March 30th  / April 1st 1964: A military-led coup d’état overthrows democratically elected president João Goulart in Brazil. Goulart’s proposals, such as land reform and bigger control of the state in the economy, were seen as “communist”, though he was from the labour party.

April 20th 1964: US President Lyndon Johnson in New York, and Soviet Premier Nikita Khrushchev in Moscow, announce simultaneously plans to cut back production of materials for making nuclear weapons.

May 27th 1964: Jawaharlal Nehru dies.

August 4th 1964: US President Lyndon B. Johnson claims that North Vietnamese naval vessels had fired on two American destroyers in the Gulf of Tonkin. Although there was a first attack, it was later proven that American vessels had entered North Vietnamese territory, and the second attack is proved unfounded. The Gulf of Tonkin Incident leads to the open involvement of the United States in the Vietnam War, after the Gulf of Tonkin Resolution.

October 14th 1964: Leonid Brezhnev succeeds Khrushchev to become General Secretary of the Communist Party of the Soviet Union
October 16: China tests its first atomic bomb. The test makes China the world’s fifth nuclear power.

1965

March 8th 1965: US military buildup to defend South Vietnam. North Vietnam has also committed its forces in the war. US begins sustained bombing of North Vietnam.

April 28th 1965: US forces invade the Dominican Republic to prevent a communist takeover like the one that occurred in Cuba.

August 15th 1965: Operation Gibraltar launched by Pakistan culminates in the Second Indo-Pakistani War.

September 23rd 1965: The Second Indian-Pakistani War ends in a cease-fire. Pakistan fails in its objective of capturing Kashmir.

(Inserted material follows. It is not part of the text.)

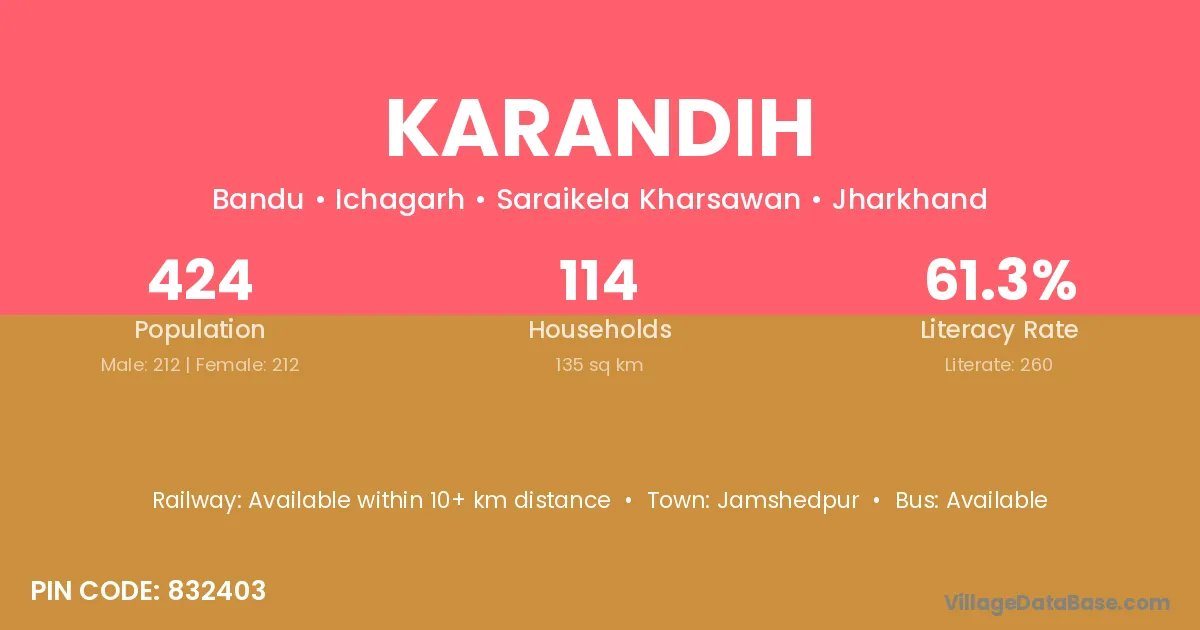 Karandih village has a total population of 424 people, of which 212 are males and 212 are females.

September 30th 1965: Six Indonesian generals murdered as part of the 30 September Movement.

November 11th 1965: Rhodesian colonial government under Ian Douglas Smith declares UDI.

November 14th 1965: Battle of Ia Drang, the first major engagement between US Troops and regular Vietnamese forces.

1966

March 10th 1966: France withdraws from NATO command structure.

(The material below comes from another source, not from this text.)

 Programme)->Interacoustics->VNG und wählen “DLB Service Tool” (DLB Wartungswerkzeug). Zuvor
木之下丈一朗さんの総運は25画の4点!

May 8th 1966: Communist China detonates a third nuclear device.

August 26:th 1966 South African Border War begins.

1967

April 25th 1967: 33 Latin American and Caribbean countries sign the Treaty of Tlatelolco in Mexico City, which seek the prohibition of nuclear weapons in Latin America and the Caribbean.

March 12th 1967: General Suharto successfully overthrows Sukarno as president of Indonesia.

May 23rd 1967: Egypt blocks the Straits of Tiran, then expels UN peacekeepers and moves its army into the Sinai Peninsula in preparation for possible attack on Israel.

May 25th 1967: Uprising in Naxalbari, India marking the expansion of Maoism as a violent, anti-US and anti-Soviet, revolutionary movement across a number of developing countries.

June 5th 1967: In response to Egypt’s aggression, Israel invades the Sinai Peninsula, beginning the Six-Day War.

June 23rd 1967: U.S. President Lyndon B. Johnson meets with Soviet Premier Alexei Kosygin in Glassboro, New Jersey for a three-day summit.

August 8th 1967: Bangkok Declaration is established to quell the communist threat in Southeast Asia.

November 29th 1967: Robert McNamara announces that he will resign as U.S. Secretary of Defense to become President of the World Bank.

1968

January 30th 1968: Tet Offensive in South Vietnam begins.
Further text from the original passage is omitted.